• **Prompt**
Write out exactly the lines from the one with "Lavaplatos doble tanque" through the last line of the data below, but not the pictures.

• **Data extract**
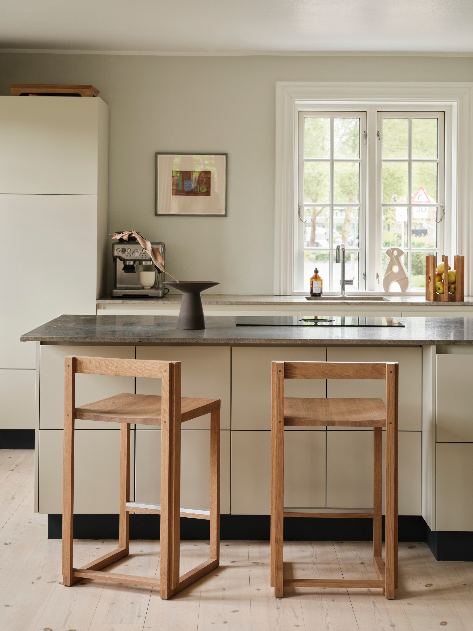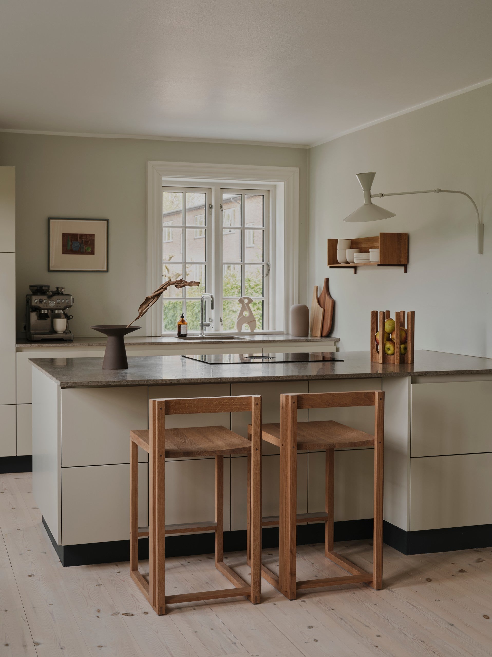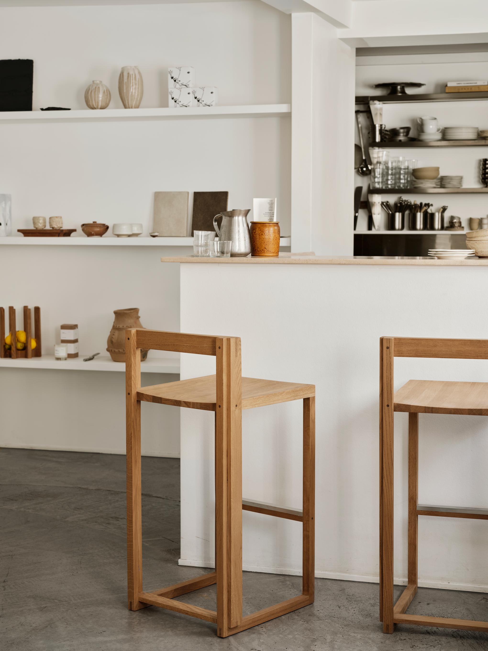 The Outline Stool has a minimalist, airy aesthetic, allowing it to fit easily into any interior design style. The interplay of wooden rectangles creates the visual harmony that is key to Kristina Dam Studio’s ethos of “sculptural minimalism.” Made from lacquered oak with walnut details and a brushed aluminum footrest, making it a long-lasting design.
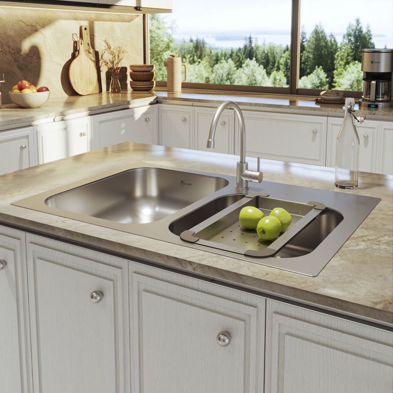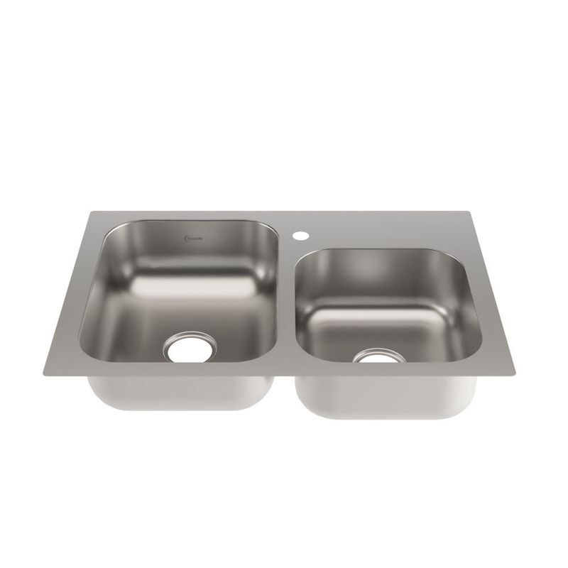 Lavaplatos doble tanque en acero inoxidable que cuenta con dos tipos de instalación, lo puedes submontar o empotrar en tu mesón de cocina según tu preferencia, también tiene una profundidad en la poceta que brinda el espacio perfecto para usar cómodamente y con menos salpique de agua.
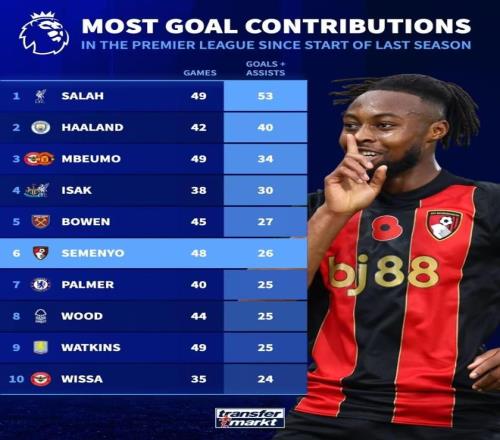 11月18日,德转列出了英超本赛季参与进球占全队总进球比例的球员排名,哈兰德以65%排在了榜首,伯恩茅斯前锋塞门约排在了第二,同时塞门约上赛季至今的英超参与进球数排在了第六。
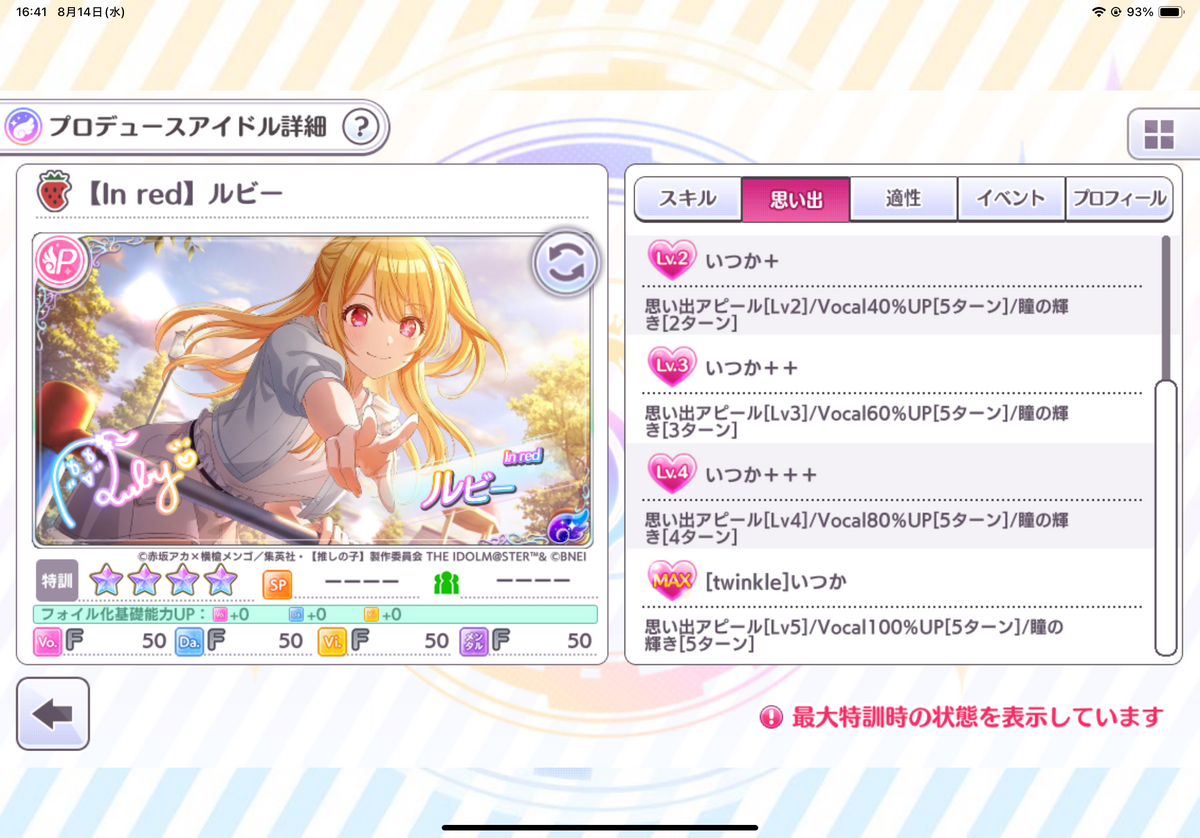 あとは自分のアピールで削り切ってしまわないようにひたすらメンタルキュアでもして思い出が溜まるのを待ちます。

• **Answer to the exercise**
 Lavaplatos doble tanque en acero inoxidable que cuenta con dos tipos de instalación, lo puedes submontar o empotrar en tu mesón de cocina según tu preferencia, también tiene una profundidad en la poceta que brinda el espacio perfecto para usar cómodamente y con menos salpique de agua.
 11月18日,德转列出了英超本赛季参与进球占全队总进球比例的球员排名,哈兰德以65%排在了榜首,伯恩茅斯前锋塞门约排在了第二,同时塞门约上赛季至今的英超参与进球数排在了第六。
 あとは自分のアピールで削り切ってしまわないようにひたすらメンタルキュアでもして思い出が溜まるのを待ちます。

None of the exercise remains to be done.